**EXERCISE:** Among the entries below, retype exactly the lines starting with the one with "Anverso: CAMPAÑA DE" and going on through the one with "当日は、筋骨格系疾患および廃", but not the pictures.

**RECORD EXTRACTS:**
[Start of section]
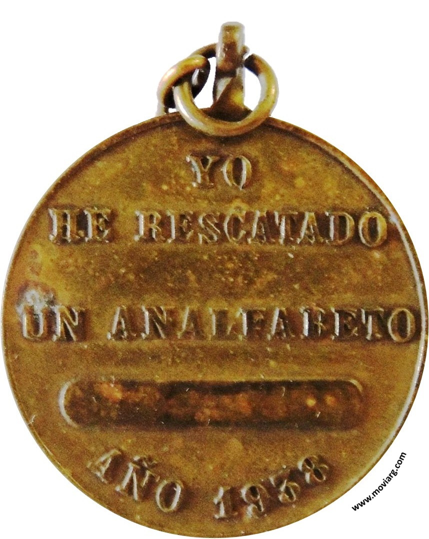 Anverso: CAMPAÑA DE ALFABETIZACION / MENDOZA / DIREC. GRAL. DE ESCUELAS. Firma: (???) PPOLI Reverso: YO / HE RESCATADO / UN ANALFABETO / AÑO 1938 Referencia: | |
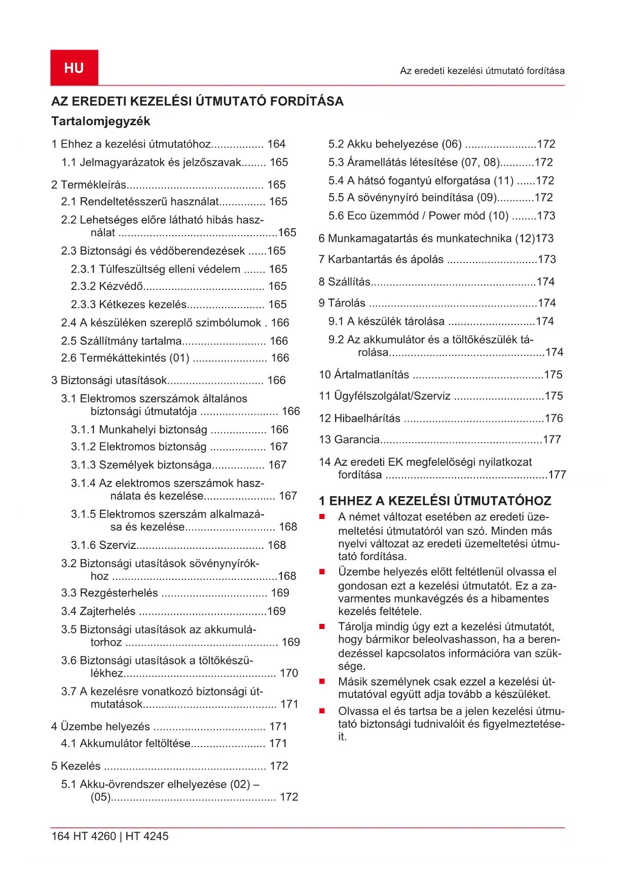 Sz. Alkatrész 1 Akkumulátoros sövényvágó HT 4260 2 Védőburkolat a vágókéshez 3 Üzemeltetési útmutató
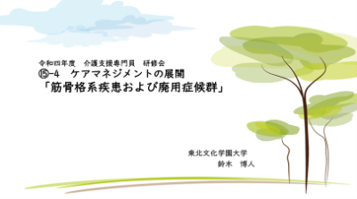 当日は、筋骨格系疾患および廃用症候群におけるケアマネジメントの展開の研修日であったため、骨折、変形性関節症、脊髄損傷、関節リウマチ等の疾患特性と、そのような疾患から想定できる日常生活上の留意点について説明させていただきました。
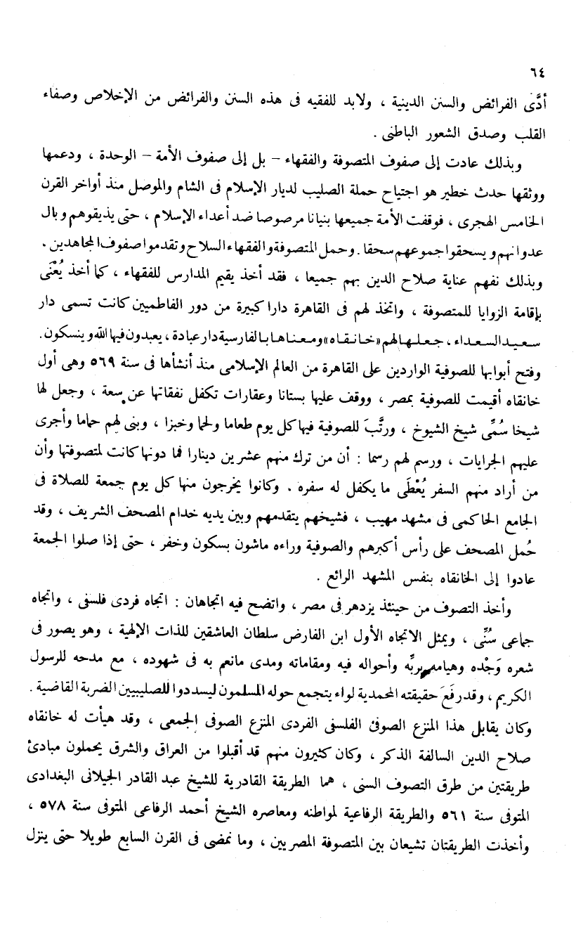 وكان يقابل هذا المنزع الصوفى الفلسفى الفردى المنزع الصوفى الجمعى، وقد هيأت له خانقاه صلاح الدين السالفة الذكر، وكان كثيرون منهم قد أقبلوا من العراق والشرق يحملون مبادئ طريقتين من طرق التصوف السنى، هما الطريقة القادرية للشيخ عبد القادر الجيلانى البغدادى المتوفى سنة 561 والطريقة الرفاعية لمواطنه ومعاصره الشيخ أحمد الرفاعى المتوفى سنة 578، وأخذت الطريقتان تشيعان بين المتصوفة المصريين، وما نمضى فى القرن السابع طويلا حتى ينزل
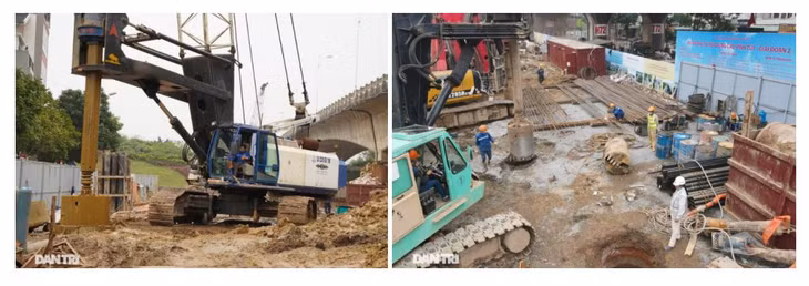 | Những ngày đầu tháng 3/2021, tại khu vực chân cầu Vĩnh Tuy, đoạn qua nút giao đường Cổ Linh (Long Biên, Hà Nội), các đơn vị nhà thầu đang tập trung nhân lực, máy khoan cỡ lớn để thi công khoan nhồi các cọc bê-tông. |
[End of section]
[Start of section]
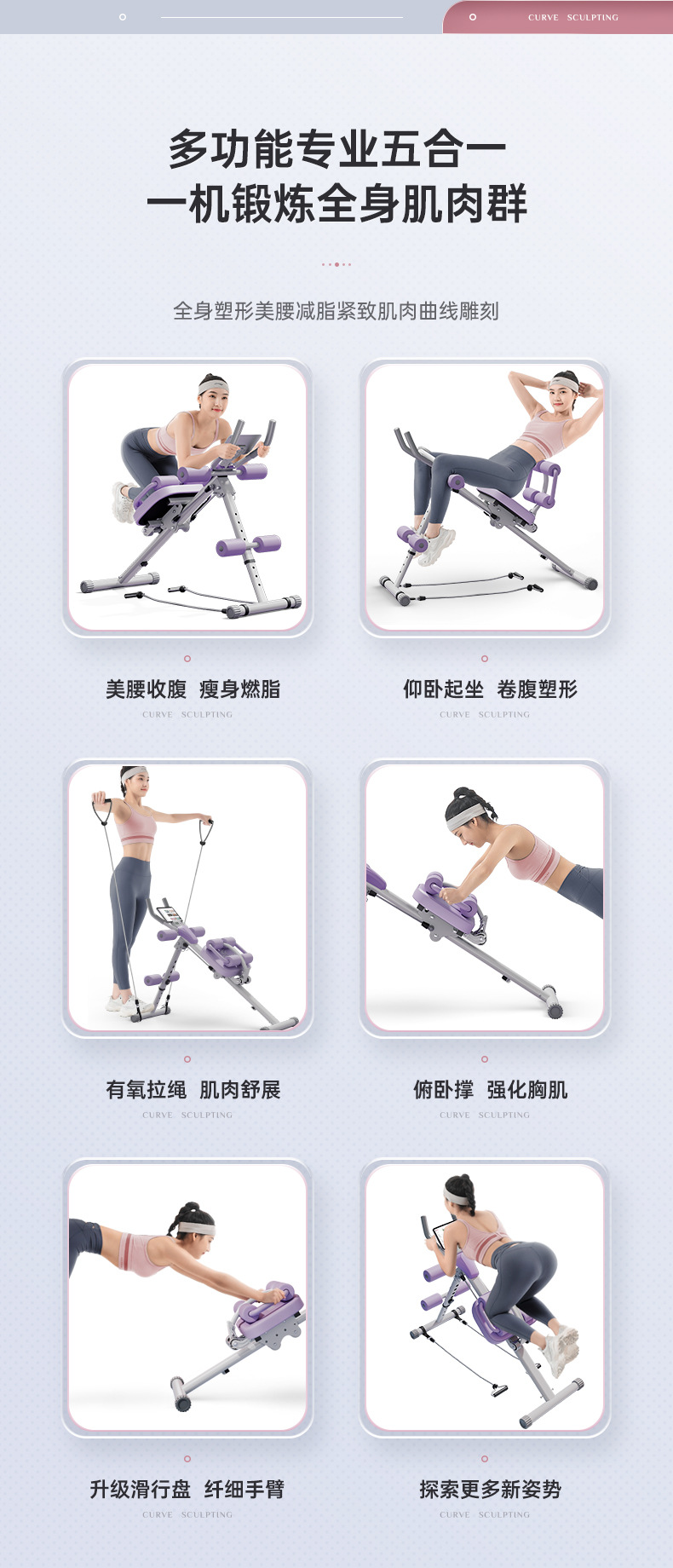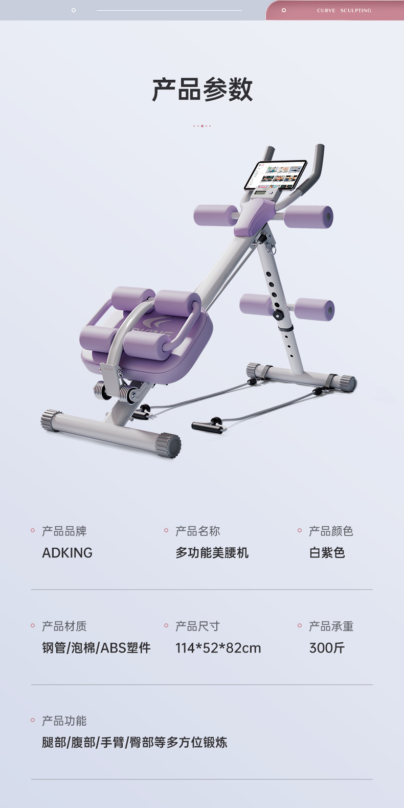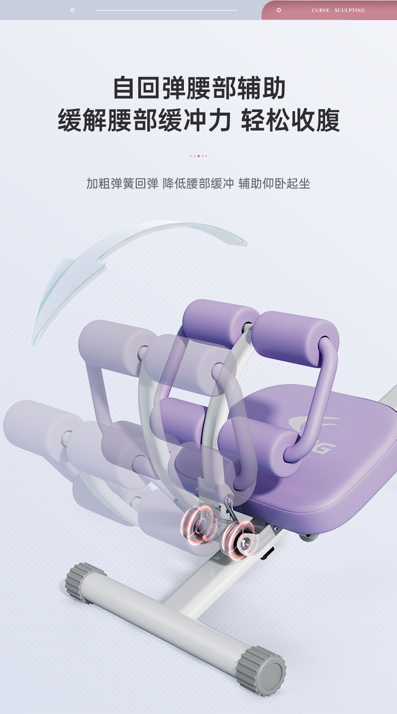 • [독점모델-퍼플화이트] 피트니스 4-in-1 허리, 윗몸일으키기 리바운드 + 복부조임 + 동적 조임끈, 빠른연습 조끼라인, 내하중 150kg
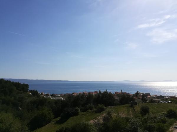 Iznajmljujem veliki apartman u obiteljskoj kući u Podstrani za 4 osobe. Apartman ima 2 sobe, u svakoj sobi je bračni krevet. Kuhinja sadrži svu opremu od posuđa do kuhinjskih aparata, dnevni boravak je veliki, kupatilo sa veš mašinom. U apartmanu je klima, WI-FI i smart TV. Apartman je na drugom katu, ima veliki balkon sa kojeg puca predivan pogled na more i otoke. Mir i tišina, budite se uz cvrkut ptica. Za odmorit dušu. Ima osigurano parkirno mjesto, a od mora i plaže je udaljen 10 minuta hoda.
[End of section]
**OUTPUT OF THE TASK:**
 Anverso: CAMPAÑA DE ALFABETIZACION / MENDOZA / DIREC. GRAL. DE ESCUELAS. Firma: (???) PPOLI Reverso: YO / HE RESCATADO / UN ANALFABETO / AÑO 1938 Referencia: | |
 Sz. Alkatrész 1 Akkumulátoros sövényvágó HT 4260 2 Védőburkolat a vágókéshez 3 Üzemeltetési útmutató
 当日は、筋骨格系疾患および廃用症候群におけるケアマネジメントの展開の研修日であったため、骨折、変形性関節症、脊髄損傷、関節リウマチ等の疾患特性と、そのような疾患から想定できる日常生活上の留意点について説明させていただきました。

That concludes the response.